* [Records provided]:

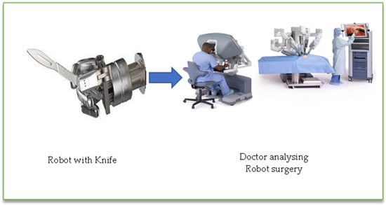 Robotic surgery care could benefit from 5G networks. 5G networks will be beneficial to video calls, gaming, and download speeds [31,32,33,34,35,36]. On the other hand, specialized surgeons anticipate a growth in global, robotic-assisted long-distance surgery. Telepresence and telesurgery both benefit from the benefits of a 5G connection. On the other hand, the promise of 5G goes beyond just increasing the speed of today’s technologies. Surgeons will be able to integrate medical devices and collect data in previously unimagined ways as a result of the greater volume of data that can be analyzed at rapid rates. For the first time, experts from all over the world could work together. It has the potential to reduce operating expenses while also increasing the quality of care for patients in rural areas in the long run [37,38,39,40,41]. Assistive and fully automated robotic surgery are the two main types of robotic surgery. Doctors use assistive equipment to make small incisions, assure proper placement of medical devices, and close up patients following surgery. Fully automated surgical equipment can perform end-to-end procedures without the need for human intervention. Work on completely autonomous surgical robots is now ongoing, according to the IEEE. In 2016, the Smart Tissue Autonomous Robot (STAR) was able to repair a pig’s intestine on its own, with far higher precision than a human surgeon [42]. Fujian Medical University, Huawei; China Unicom Fujian Branch Mengchao Hepatobiliary Hospital; and Suzhou Kangduo Robot Co., Ltd., conducted the world’s first 5G surgery animal trial [42]. The procedure takes about 60 min to complete, with very little downtime. There was no blood spilled during the procedure, and the surgical wounds were clean. After surgery, the experimental animals’ vital signs remained constant. The operation was able to reach this goal thanks to Huawei’s 5G net technology’s enormous bandwidth, low latency, and large connection capabilities. The 5G network handles the control connection, as well as the two-video links at both tops of the remote-control machine. “High-definition video has attained the same experience as a fiber-optic line based on 5G network control experience.” The surgeon gave a favorable endorsement. Remote diagnosis, remote care, and remote surgery will be gradually used as 5G medical association applications mature, effectively increasing the value of the lifetime of sick persons. Telerobotic spinal surgery using a 5G network was proposed by Tian et al. The goal of their research was to see if fifth-generation wireless networks spinal telerobotic surgery was effective and feasible in our first 12 patients [43]. They came to the conclusion that 5G telerobotic spinal surgery is both efficacious and practicable for the safe care of spinal ailments, and 5G remote robot-assisted spinal surgery is accurate and dependable. They also came to the conclusion that 5G-based telerobotic spinal surgery is accurate, safe, and dependable. Robotics in spine surgery is a newer technology that has a lot of potential in the future. Surgical precision with robotically inserted instruments appears to be high. The influence of robotics on radiation exposure, on the other hand, is unclear and appears to vary depending on approach and robot type. Fifth-generation (5G) network implementation is currently underway in numerous nations throughout the world. The development of innovative technology has allowed medical professionals to operate on cadavers, human patients, and animal models remotely and through telemedicine. To inform readers about the innovative technology, and viability, demonstrate its efficacy, and highlight potential advantages for cancer patients who need surgical interventions, the authors of the following article go into great detail about the history of robotic surgical systems, a summary of the internet and 5G networks, and the current scenario of remote procedures using the 5G network. Figure 4 shows how robots are involved in surgery [44].
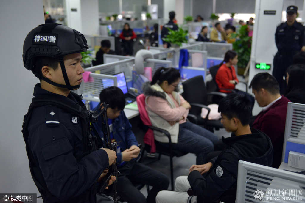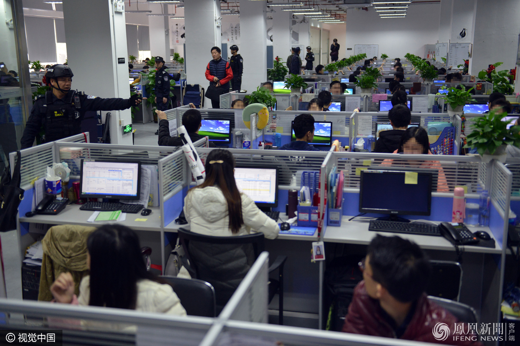 2017年2月28日上午,广东省公安厅通报,广东省警方近日集中开展的“飓风1号”专案收网行动,成功摧毁侵犯公民个人信息犯罪团伙6个,捣毁犯罪窝点14个,抓获犯罪嫌疑人138名,缴获涉及全国公民个人信息近1亿条,查扣银行卡2000余张和电脑、手机、存储设备一批。广州警方派出1千多名警力,赴各涉案地开展侦控和抓捕工作。据了解,27日早上7点,抓捕行动开始,各路警力迅速出击。图中的是广州越秀警方抓捕组,目标位于东风东路一栋写字楼内。抓捕现场,办公区域全部员工被要求举起双手。
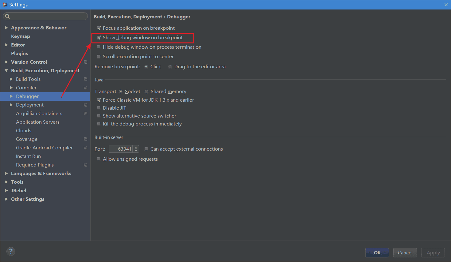 -Xdebug -Xrunjdwp:transport=dt_socket,suspend=n,server=y,address=${debug_port}其中的${debug_port}是用户自定义的,为debug端口,本例以5555端口为例。
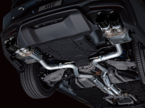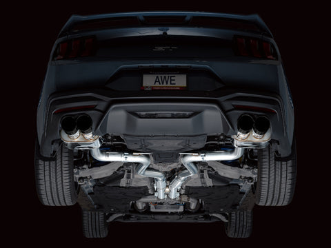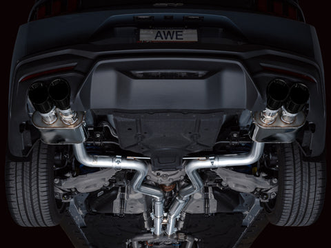 Introducing the AWE SwitchPath™ Cat Back Exhaust for the Ford S650 Mustang GT. This system maintains all the customization options of the factory active exhaust while liberating the Dark Horse’s 5.0L engine with just a button press or a throttle punch. Engineered to blend sophistication with raw power, SwitchPath™ ensures your comfort with its valved design. Featuring a complete 3” build with modular inlets, it includes slip fit adapters for seamless integration with factory headers, and offers a dual 3” connection option for those seeking a more aggressive setup. With tier-1 valving, drive modes, customized settings, and programmable buttons, it swiftly responds to your commands. The precision H-pipe delivers a deep, rich muscle tone with minimal rasp, distinguishing it from X-pipe alternatives. Additionally, straight-through bullet-style resonators in the mid pipes further diminish rasp, particularly beneficial for drivers contemplating header upgrades. On the performance front, it offers dyno-verified gains of +8 hp and +8 lb-ft of torque at the wheels. AWE's SwitchPath™ Cat Back is fully emission-friendly, integrating seamlessly with factory emissions equipment. The package is completed with quad 4” slash-cut, double-walled tips, available in chrome silver or diamond black. Crafted in PA, USA, from US-sourced .065”-wall T304L stainless steel, every aspect is meticulously engineered, designed, and manufactured in-house at AWE. Backed by AWE's Lifetime Warranty, No CEL Light Guarantee, and Perfect Fitment Guarantee.
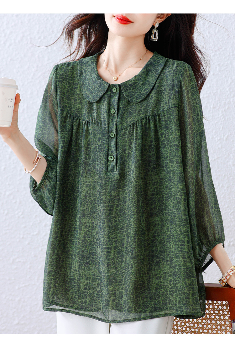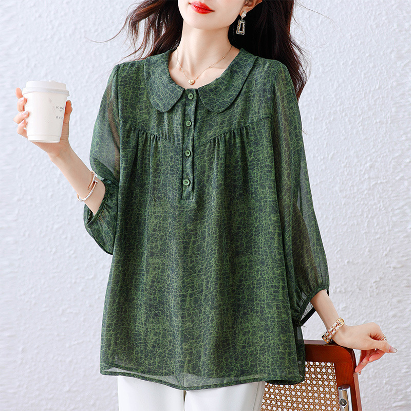 플러스 사이즈 여성 2025 봄 여름 새로운 패션 루즈 배 커버 탑 쉬폰 셔츠
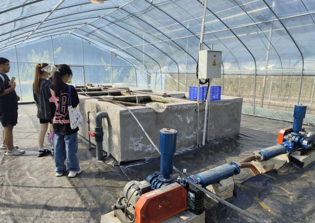 实践团队共走访了五个鱼菜共生新产业实践点,了解鱼菜共生系统的运作模式。当地技术负责人详细介绍到,“通过将传统水产养殖和无土栽培技术‘无缝衔接’,实现养鱼不换水,种菜不用土、不施肥、不打农药,是一种环保、安全、健康的生态循环农业模式。”
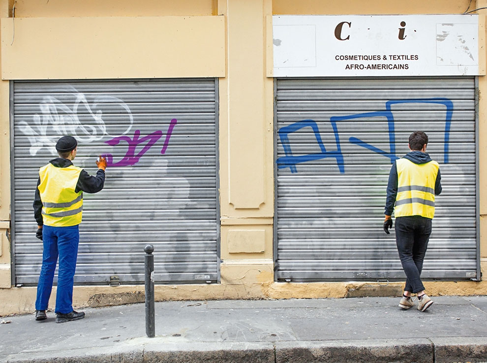 Tout ce genre de graffitis réalisés par des graffeurs qui ont tellement écriture laide et illisible comme celle des médecins, Français Mathieu Tremblin remplace par des inscriptions lisibles.
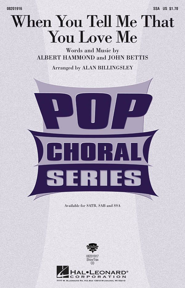 From the wildly popular American Idol Season 4 finalists, this pop hit was designated as the Disaster Relief Single for the American Red Cross and is now a superb choral chart by Alan Billingsley. Available for SATB, SAB and SSA. ShowTrax CD also available. Performance Time: Approx. 3:20
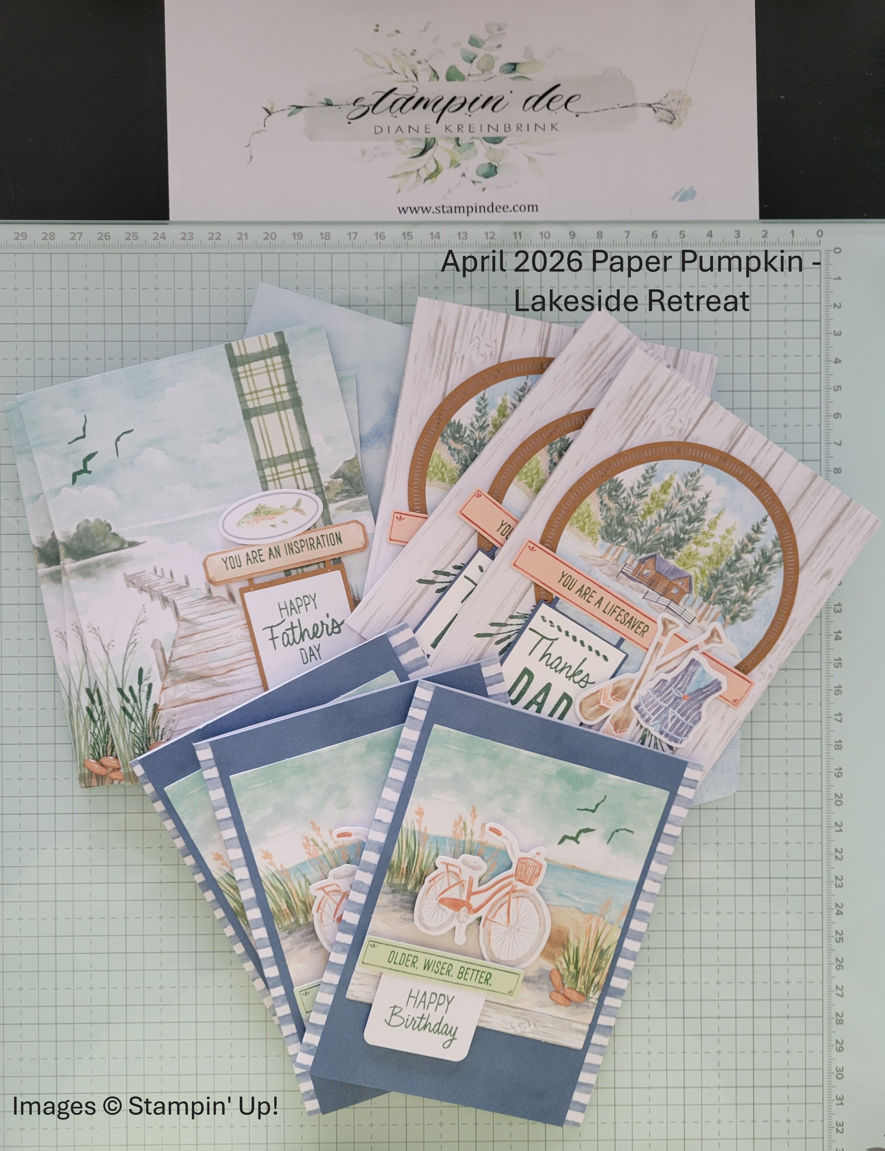April 2026 – Lakeside Retreat – This kit makes 9 cards, 3 of each design, and coordinates nicely with a new suite available May 5th, Waterside Retreat. Check out my cards. I think these are nice, masculine cards. You must subscribe by April 10th to receive this kit.
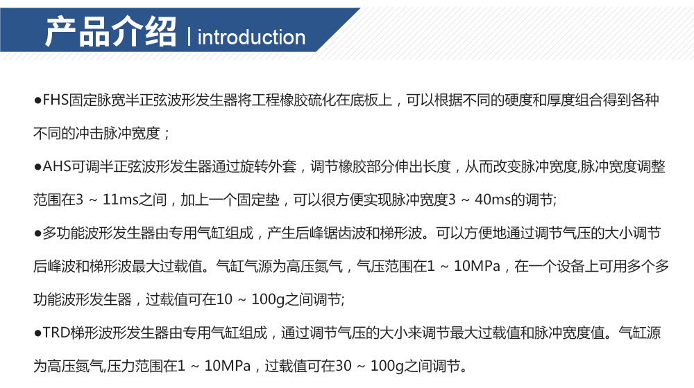 產品型號: 品牌:劍 喬 用途:FHS固定脈寬半正弦波形發(fā)生器將工程橡膠硫化在底板上,可以根據不同的硬度和厚度組合得到各種不同的沖擊脈沖寬度。咨詢熱線:13829135130
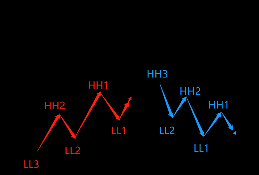 如蓝色图:当波段高点HH1成立时,求出本波反弹的幅度值Y1(自HH2下跌到LL1后反弹到HH1的百份比值)。
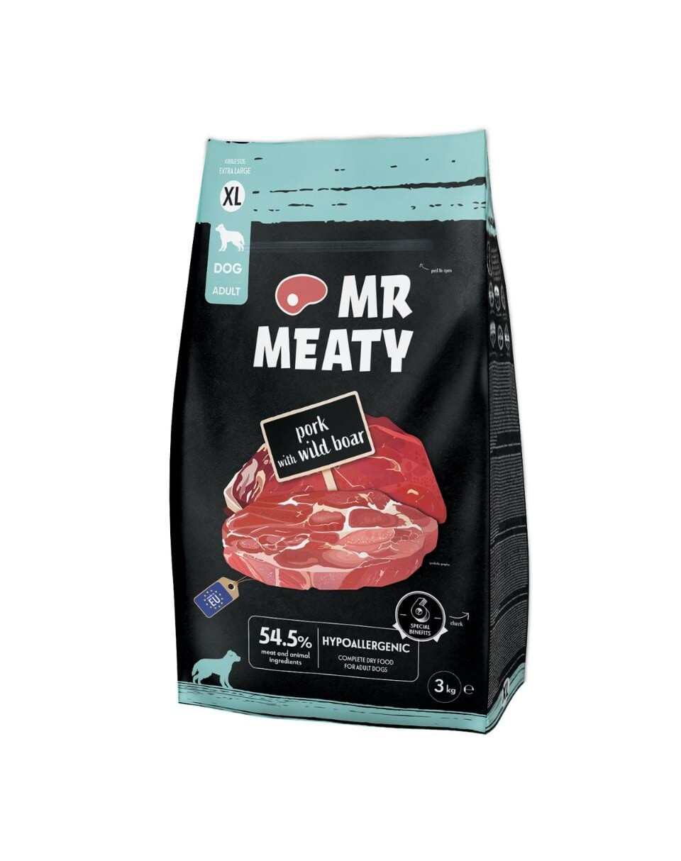 Scopri il cibo secco per cani Mr Meaty. Ciò che lo distingue dagli altri alimenti è la selezione accurata degli ingredienti, succose mele polacche, verdure sane e preziosi nutrienti che aiutano a mantenere il tuo cane in salute e in buona forma. Le nostre ricette sono state sviluppate da specialisti per fornire al tuo amico a quattro zampe tutto ciò di cui ha bisogno. Il tuo cane merita solo il meglio.
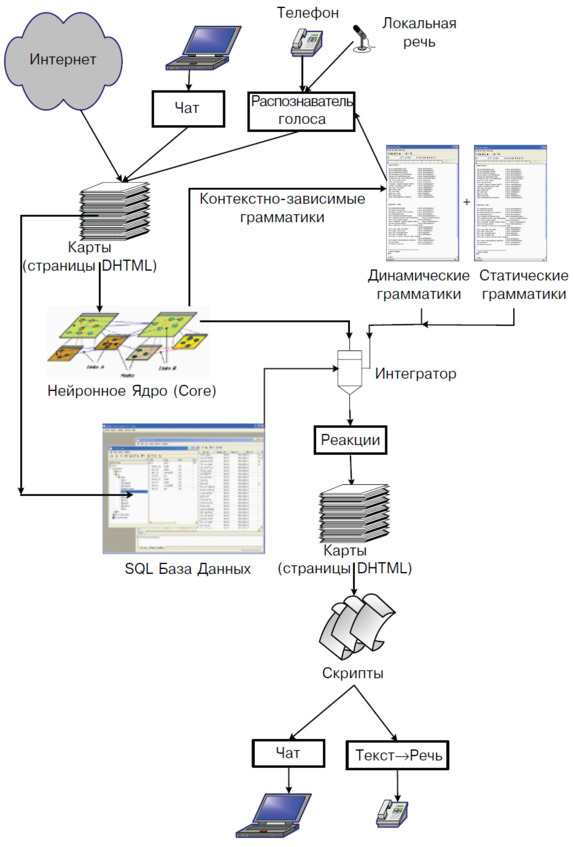 – интерфейсы к различным каналам ввода/вывода, по которым могут поступать речевые и текстовые сообщения;– нейронное ядро (Core), в котором можно создавать искусственные нейроны вместе со связями (нервами), способными передавать возбуждения;– база данных вместе с ODBC интерфейсом;– карты – объекты представления данных в виде динамических страниц;– скрипты – аналоги внешних реакций;– языковые оболочки Java и JavaScript;– XML-грамматики (динамические и статические);– интегратор – подсистема, способная исполнять динамические коды.– создание рабочих таблиц;– добавление и модификация данных;– добавление и модификация формул;– добавление и модификация макрокоманд Visual Basic;– интеграция с другими системами через ODBC, XML, OLE и т. п.;– интеграция с другими системами через DLL, C++ и т. п.– создание и обучение нейронных слоев;– программирование реакций на возбуждения, поступающие извне;– добавление нейронов и модификация их связей;– добавление и модификация макрокоманд Visual Basic или JavaScript;– интеграция с другими системами через ODBC и XML;– интеграция с другими системами через Java, DLL, C++ и т. п.
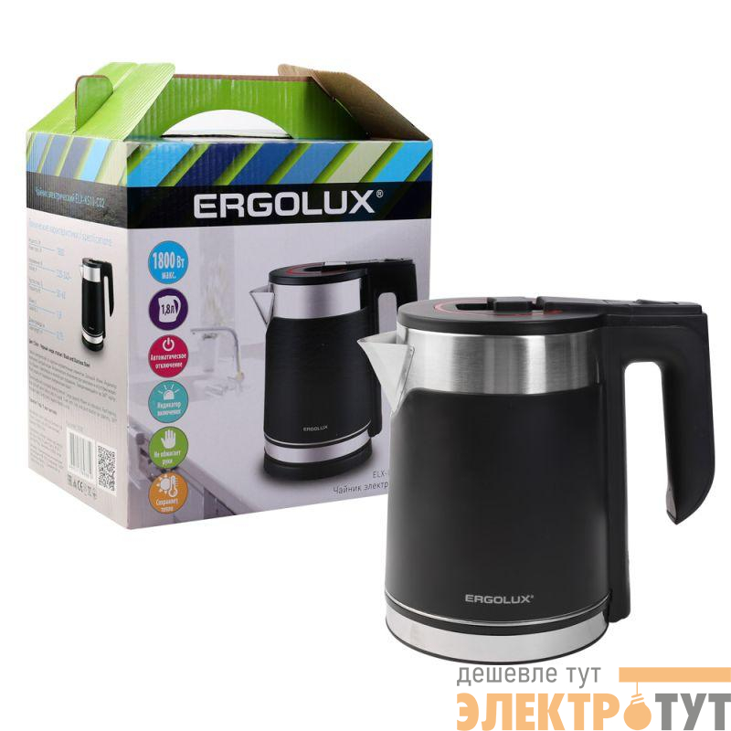 15328 | Чайник электрический ELX-KS10-C02 нерж. сталь/пластик 1.8л 220-240В 1800Вт черн. Ergolux

* [The problem]:
What you need to produce is an exact copy of the entries above, limited to the lines from the one with "实践团队共走访了五个鱼菜共生" up to and including the one with "如蓝色图:当波段高点HH1成", without pictures.

* [Exercise solution]:
 实践团队共走访了五个鱼菜共生新产业实践点,了解鱼菜共生系统的运作模式。当地技术负责人详细介绍到,“通过将传统水产养殖和无土栽培技术‘无缝衔接’,实现养鱼不换水,种菜不用土、不施肥、不打农药,是一种环保、安全、健康的生态循环农业模式。”
 Tout ce genre de graffitis réalisés par des graffeurs qui ont tellement écriture laide et illisible comme celle des médecins, Français Mathieu Tremblin remplace par des inscriptions lisibles.
 From the wildly popular American Idol Season 4 finalists, this pop hit was designated as the Disaster Relief Single for the American Red Cross and is now a superb choral chart by Alan Billingsley. Available for SATB, SAB and SSA. ShowTrax CD also available. Performance Time: Approx. 3:20
April 2026 – Lakeside Retreat – This kit makes 9 cards, 3 of each design, and coordinates nicely with a new suite available May 5th, Waterside Retreat. Check out my cards. I think these are nice, masculine cards. You must subscribe by April 10th to receive this kit.
 產品型號: 品牌:劍 喬 用途:FHS固定脈寬半正弦波形發(fā)生器將工程橡膠硫化在底板上,可以根據不同的硬度和厚度組合得到各種不同的沖擊脈沖寬度。咨詢熱線:13829135130
 如蓝色图:当波段高点HH1成立时,求出本波反弹的幅度值Y1(自HH2下跌到LL1后反弹到HH1的百份比值)。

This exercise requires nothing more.